New Road was built towards the northern limit of the marshes in 1810 by the Tilbury Turnpike Trust, to shorten the distance troops would have to travel to the Tilbury Fort during the Napoleonic War. The London, Tilbury and Southend Railway was built through the north of the area in 1854 with a level crossing at Manor Way and the nearest station at Rainham. Waste arriving by barge from central London and dredging of the River Thames in the late 19th and early 20th centuries was disposed in the marshland and consequently the land is at risk of contamination.

Romford Rural District Council was the local authority for the area from 1894. The council built the Riverside Sewage Treatment Works in 1924 to deal with sewage from Dagenham. Ownership passed to Dagenham Urban District Council when Hornchurch and Dagenham were split off from the rural district in 1926. The works were expanded in the 1960s by Dagenham Borough Council. Hornchurch Marshes were part of Hornchurch Urban District from 1926 to 1965.

In the 1950s a foundry was built as part of the Ford Dagenham plant land in Hornchurch, covering 200 acres. The area was flooded during the North Sea flood of 1953. Land ownership consolidated as the marshes industrialised, with the Ford Motor Company and the Greater London Council, who now operated the sewage works, owning most of the land in the early 1970s. It became an area of regeneration by the early 21st century and was included in the London Riverside section of the Thames Gateway redevelopment zone. Local planning powers were held by the London Thames Gateway Development Corporation from 2004 to 2013.

==Geography==
The area is bounded by the River Ingrebourne to the east, the River Thames to the south and River Beam to the west. In the north the A1306 New Road marks the beginning of the residential area of South Hornchurch. It is the location of two of the Dagenham wind turbines. Frog Island is located at the southeastern extremity.

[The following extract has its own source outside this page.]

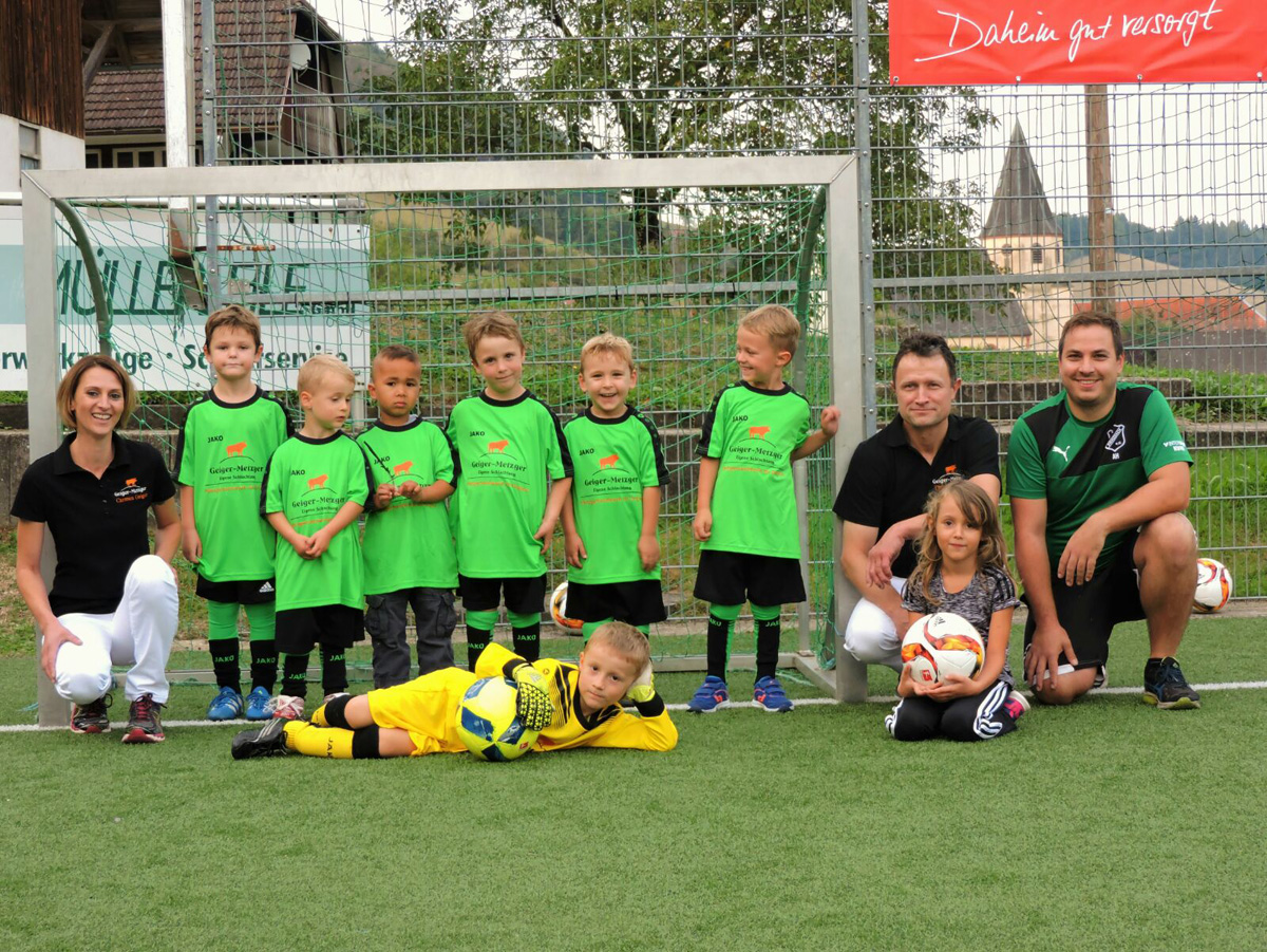 Große Freude für die Bambini der DJK Prinzbach und ihren Trainer Stefan Oschwald: Die Metzgerei Thomas Geiger hat dem Nachwuchs neue Trikots gesponsert.

Extending into Dagenham is the new residential neighbourhood of Beam Park to the northwest. South of there is the Beam Reach commercial regeneration area and the Centre for Engineering and Manufacturing Excellence (CEME). To the east is the town of Rainham and the Rainham Marshes. The Hornchurch Marshes and most of South Hornchurch form part of the Rainham post town for postal addresses. There is a Hornchurch Marshes Middle Layer Super Output Area (MSOA) for Census recording. It extends some distance north of the New Road. The population of this area at the 2011 United Kingdom census was 8,831 in 3,604 households.

The area is vulnerable to tidal flooding from the River Thames should an extreme flood event occur. Aside from the boundary rivers there are a number of smaller watercourses, including Pooles Sewer and the Havering New Sewer, that ultimately flow into the Thames at Havering Sluice. The Beam and Ingrebourne are also protected from tidal flooding by Beam Sluice and Frog Island Sluice at their outfall. Sections of Thames tidal defence walls also provide flood mitigation.

==Economy==
The Greater London Authority has designated the whole area as a strategic industrial location, where proposals for development should not compromise accommodating industrial activities. The Fairview Industrial Estate is occupied by over 100 businesses. The area, with the exception of land owned by the Ford Motor Company, is part of the London Riverside business improvement district.